Owing to delays in posting updates, status of positions indicated below may not be current; Please contact the person indicated for the latest information.
Four P.I.'s, Petra Lenz (Lab pages) , Ann Castelfranco, Andy Christie and Dan Hartline (Lab pages) , form a collaborative research group with position opportunities from time to time in several areas (email user names in the list below are all "at pbrc dot hawaii dot edu"):
General information: Our research projects cover a range of topics involving the relation between neural mechanisms, behavior and ecology of marine crustaceans, especially calanoid copepods. We currently work on both warm-water species available in Hawaii (including copepods in long-term cultures), and cold water copepod species from the Gulf of Alaska. Approaches include molecular (transcriptomics and bioinformatics), behavioral (high-speed video), respirometric, morphological (immunohistochemistry, confocal and electron microscopy) and electrophysiological ones, applied to problems in population cycles (diapause), predator-prey interactions and other aspects of marine crustacean behavioral and physiological ecology. Some projects extend more broadly to decapod crustaceans of Puget Sound and Gulf of Maine and to insect model systems (Andy Christie).
Mechanics: We accept graduate students through the Graduate Program of the Department of Zoology (Hartline, Lenz), the Oceanography Department (Lenz), and the Marine Biology Program (Lenz). Support on TAships is available (competitively) for incoming Zoology students. Grant support for students working on thesis research needs to be arranged in advance, and inquiry should be made about future prospects when you contact the lab. The Zoology Department grants both Masters and PhD degrees. Application deadline is December 15 of each year (click for application information). We have been able to host a number of internships for graduate students from other universities if they are at least partially supported by the home institution. Some additional stipend support may be available from us depending on our current funding situation. Postdocs may be supported on stipends, if available, and candidates are strongly encouraged to submit applications for their own support in collaboration with one of the faculty here.

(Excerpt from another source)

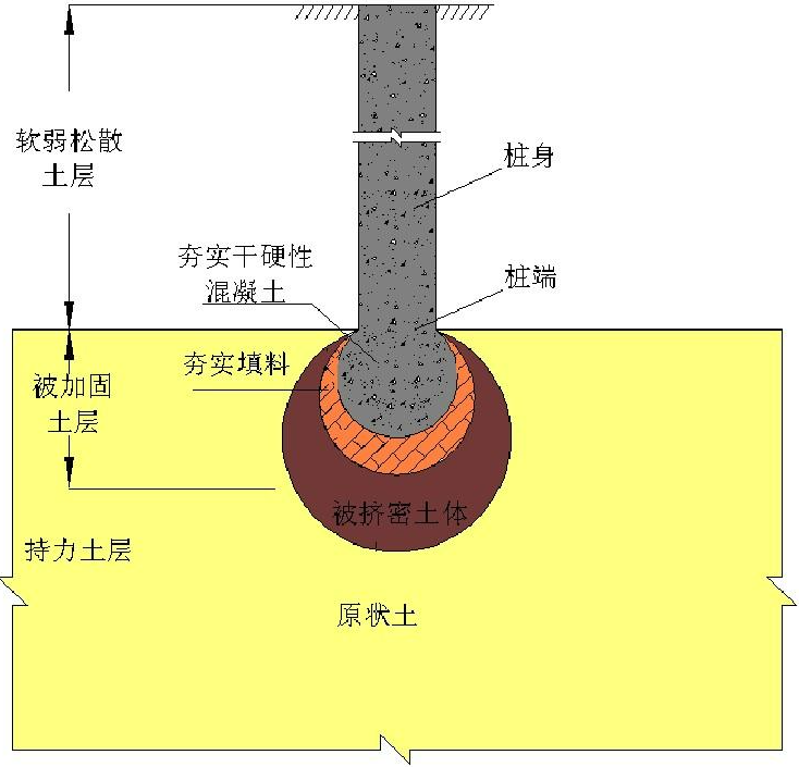 “載體樁”由上部樁身和下部“復合載體”兩部分組成。樁身一般為現(xiàn)澆鋼筋混凝土結(jié)構,“復合載體”是位于樁端底部、經(jīng)深層填料夯實的復合體。

Contact: Petra Lenz for general inquiries.
Copepod predator-prey interactions: Currently (2018) winding down) but an area of continuing interest, this project has focused on escape behavior in calanoid copepods responding to attacks by artificial (precise computer controlled) predator mimics and actual fish predators (e.g. clown fish). This project has also involved interaction with Dr. Daisuke Takagi of the UH Math Department. His work involves the mathematics of hydrodynamic flows as they affect biological organisms, including both copepod prey and fish predators in predator-prey interactions. For information, contact Petra Lenz.
Copepod diapause: A project focused on the annual descent by calanid copepods to deep (>400m) waters followed by dormancy during the early winter in the Gulf of Alaska. The aims are to understand the physiology underlying the different phases of preparing for, entering and emerging from dormancy. They involve a combination of transcriptomics, morphometry, respirometry and fluorescent tagging as well as oceanographic cruises with ship-board sampling on the Seward Line and experiments. For information, contact Petra Lenz.
Crustacean myelin A project examining the evolution of myelin in two crustacean taxa, the Malacostraca and the Copepoda. For background, see our Invertebrate Myelin and Myelin Evolution web pages. Current interest is focused on the molecules of invertebrate myelin, using transcriptomic approaches. For information, contact Dan Hartline.
2. Undergraduate Students
We welcome motivated undergraduates interested in hands-on research experience related to the projects in our lab. There are currently five avenues for such experience:
Foreign students: We are open to applications from students in study-abroad programs. Visas and financial support are always an issue, but these problems vary on an individual basis. We have had some success with such programs, but the initial arrangements must usually be made by the student. An EXCELLENT command of written and spoken English is essential.
3. High-school Students
We accept well-qualified high-school students to undertake special projects in our area of expertise, for example related to the Hawaii State Science and Engineering Fair. Prospective students need to present a well-organized plan for the research they would conduct in the lab, including what sort of problem(s) they would like to pursue, how they would go about it and how much time they have to spend on it. Projects should start no later than early fall for March State Science Fair presentations (school and regional fairs are usually January/February).